UniCredit Sells Ukraine Unit to Alfa's ABHH for Shares

  • UniCredit will receive 9.9 percent stake in ABH Holdings
  • Bank to book about 200 million-euro charge in fourth quarter

UniCredit SpA’s move to transfer its unprofitable Ukrainian business to ABH Holdings SA may help it strengthen its presence in a region where the Italian lender is already one of the biggest banks.

In exchange for JSCB Ukrsotsbank, Italy’s biggest bank will receive new shares representing 9.9 percent of ABHH, a Luxembourg-based company investing in financial services in Russia and neighboring countries. ABHH is owned by Alfa Group, one of Russia’s largest privately owned investment groups whose founders include billionaire Mikhail Fridman.

The agreement announced late Monday includes put-and-call options on the stake in ABHH and offers UniCredit the right to sell the shares in an initial public offering.

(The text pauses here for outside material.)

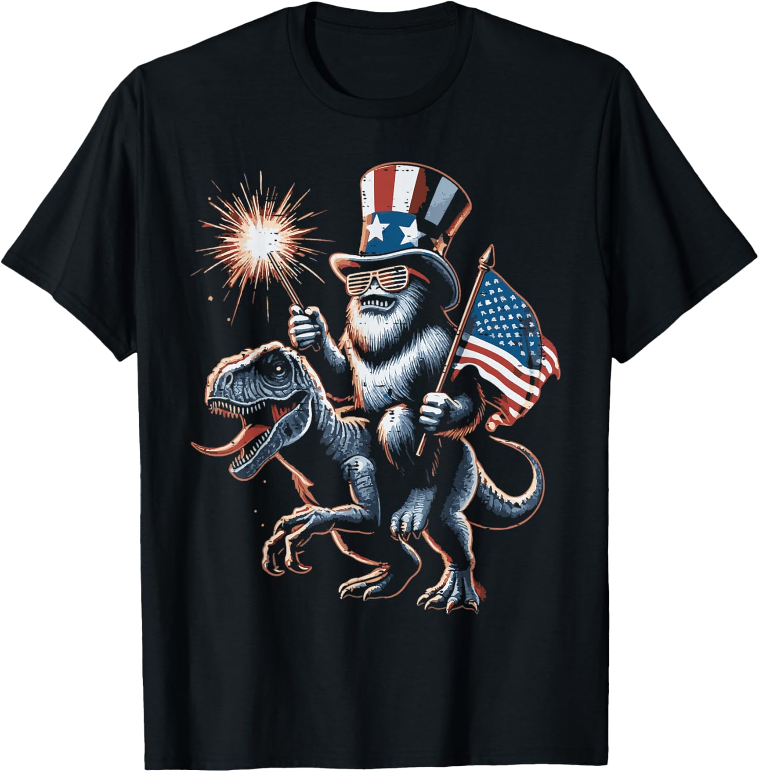 4th Of July Bigfoot Dino Trex American Boys Kids Youth T-Shirt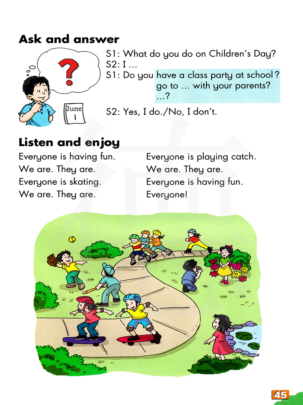 你在学校开班级派对吗?你和你的父母去……吗?你……吗?是的。/不。

UniCredit will book a fourth-quarter charge of about 200 million euros from the sale, which is expected to close in 2016 and will not change UniCredit’s capital ratios, the Milan-based bank said in a statement.

“We welcome the final disposal of Ukraine without additional capital impacts” on UniCredit, Andrea Filtri, an analyst at Mediobanca who has a outperform on the stock, wrote in a note Tuesday. “We believe UniCredit needs to win back the market’s confidence through delivery actions, ultimately re-rating the bank’s profitability.”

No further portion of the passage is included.